As he explains, the “Shackle, Vickers and Katzner” (SVK) framework was developed in the 1970s and 1980s and is “a totally different approach than is used in most situations today, but it can be very useful in situations where you don’t have a lot of data. This will be more important as we face more and more unexpected events, more and more frequently.”
Randhir defined it and created measurable terms for recording observations and optimizing decisions, while developing the framework to address what the authors call uncertain, “severe, naturally occurring arsenic contamination” in water supplies in Bangladesh. Details appear in an early online issue of the Journal of Hydrology.
Randhir and colleagues write that exceptionally high natural arsenic levels are found in groundwater in Bangladesh. Before the 1970s, people relied mainly on surface water for drinking and daily use, but since then it has become increasingly polluted and a public health threat.

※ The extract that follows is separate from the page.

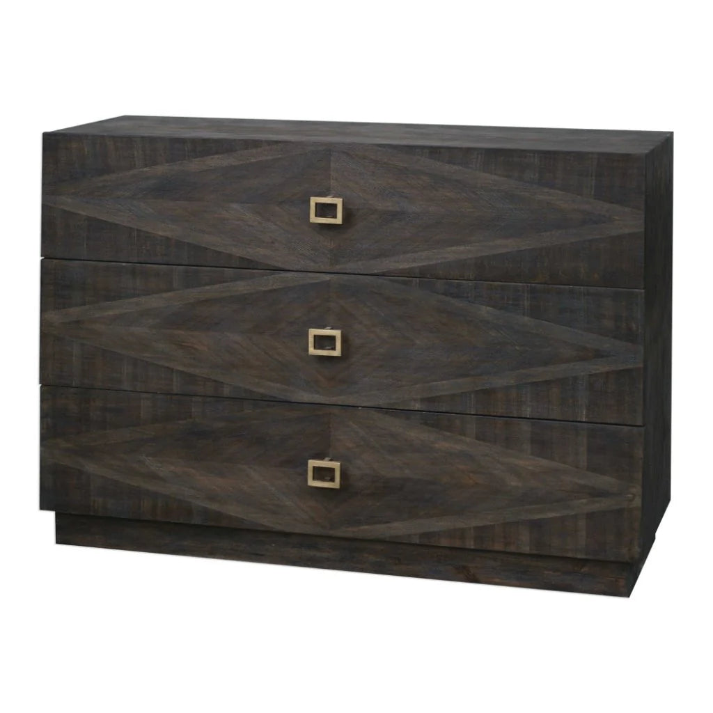 MAMO0142, MAVERICK MUEBLE OCASIONAL envuelta en chapa de acacia, esta cómoda de tres cajones ofrece un diseño espectacular con un frente decorado con dibujos de diamantes y un acabado en nogal ahumado que aporta calidez y sofisticación a cualquier espacio, complementada con tiradores cuadrados personalizados de latón cepillado macizo que realzan su elegancia y funcionalidad, ideal para darle un toque distintivo y moderno a su sala o dormitorio, combinando calidad y estilo con detalles artesanales únicos, MEDIDAS 121.92 x 40.64 x 86.36 cm, el color puede variar ligeramente de las fotografías

In response, the researchers note, “The government and donor agencies suggested the cost-effective solution of digging shallow tube-wells to provide access to safe water,” and groundwater pumping was able to meet demand so that by 2000, almost 97 percent of people in rural Bangladesh were drinking water from 2.5 to 3 million shallow-tube wells. But in the 1990s, they learned that most well water contained arsenic.
Most of the highly contaminated wells are in shallow aquifers 50 to 150 feet below the surface, while deep aquifers are nearly arsenic-free, the authors point out. However, it is uncertain whether deep aquifers will remain arsenic-free over time, they add.

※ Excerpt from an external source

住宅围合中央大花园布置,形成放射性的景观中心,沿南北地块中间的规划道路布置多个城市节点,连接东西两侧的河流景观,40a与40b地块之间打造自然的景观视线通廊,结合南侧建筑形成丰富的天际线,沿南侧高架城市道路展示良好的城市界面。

The UMass Amherst researchers used the mathematical framework with variables related to arsenic contamination in shallow vs. deep wells to calculate the probability of various decision outcomes for water resource managers as an analytical framework for future decision-making and mitigation measures for similar situations of uncertainty.
Overall, they say that “a diversification of the water supply system” emerged as “a robust strategy to avert unintended outcomes of water contamination. Through optimization, they observe that shallow wells are slightly preferable than deep wells and surface water treatment, considering the nature of uncertainty and cost involved.

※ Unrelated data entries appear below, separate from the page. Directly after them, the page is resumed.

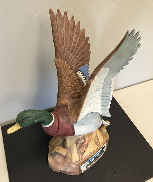 Wild Mallard Duck in Flight Decanter, Kentucky Bourbon, 13"h., 7"w. Wild Mallard Duck in Flight Decanter, Kentucky Bourbon, 13"h., 7"w.
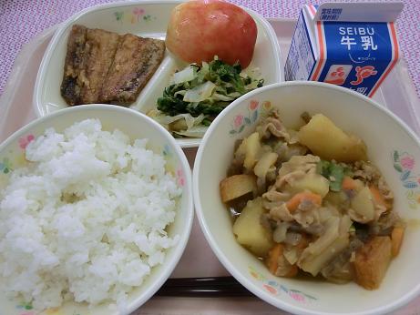 ごはん・牛乳・さんまのかば焼き・肉じゃが・おひたし
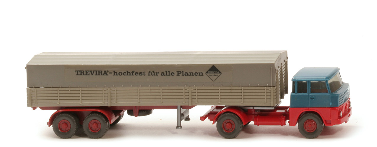 | Zugmaschine | Kabine oben | azurblau | Kabine unten | rot | Verglasung | getönt | Stege für Inneneinrichtung | ja | Chassistyp | neu | Zughaken | ohne | Fläche hinter Sattelpfanne | geriffelt | Chassisfarbe | rot | Sattelpfanne | für großen Königsbolzen | Reserverad | ohne | Räder | 12mm, Profil fein | Felgen | hellbraunrot | | Auflieger | Farbe Pritsche | olivgrau | Pritschentyp | ohne Lasche | Chassis | hellbraunrot | Prägung Chassis | Wiking | Pritscheneinlage | lichtgrau | Achseinheit | hellbraunrot | Typ Achseinheit | Germany/Wiking | Königsbolzen | stark | Stütze | starr | Plane | Seite glatt, vorne Aussp | Plane Farbe | betongrau | Räder | 12mm, Profil grob | Felgen | hellbraunrot | Beschriftung | klare glänzende Folie, Trevira deutsch |
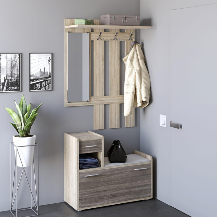 - Містке взуттєве відділення: Велика ніша в нижній тумбі забезпечує приховане зберігання взуття, що допомагає підтримувати візуальну чистоту в коридорі.

They suggest that the SVK method can be applied “in a variety of other cases that involve decision making under uncertainty and surprise, a frequent situation in natural resources management,” and it can be “a very useful tool for utility managers who can incorporate subjective beliefs and expert opinions into the decision-making process to develop a robust water supply system.”
Randhir adds, “We primarily recommend that you don’t put all your eggs in one basket, but diversify your approach to water supplies, treatment methods and so on, to keep the drinking water supply as safe as possible.”
This work was supported by a Healey Endowment Research Grant and U.S. Department of Energy Interdisciplinary Research Fellowship at UMass Amherst’s Environmental Institute and by a summer research grant at the Florida International University, Miami.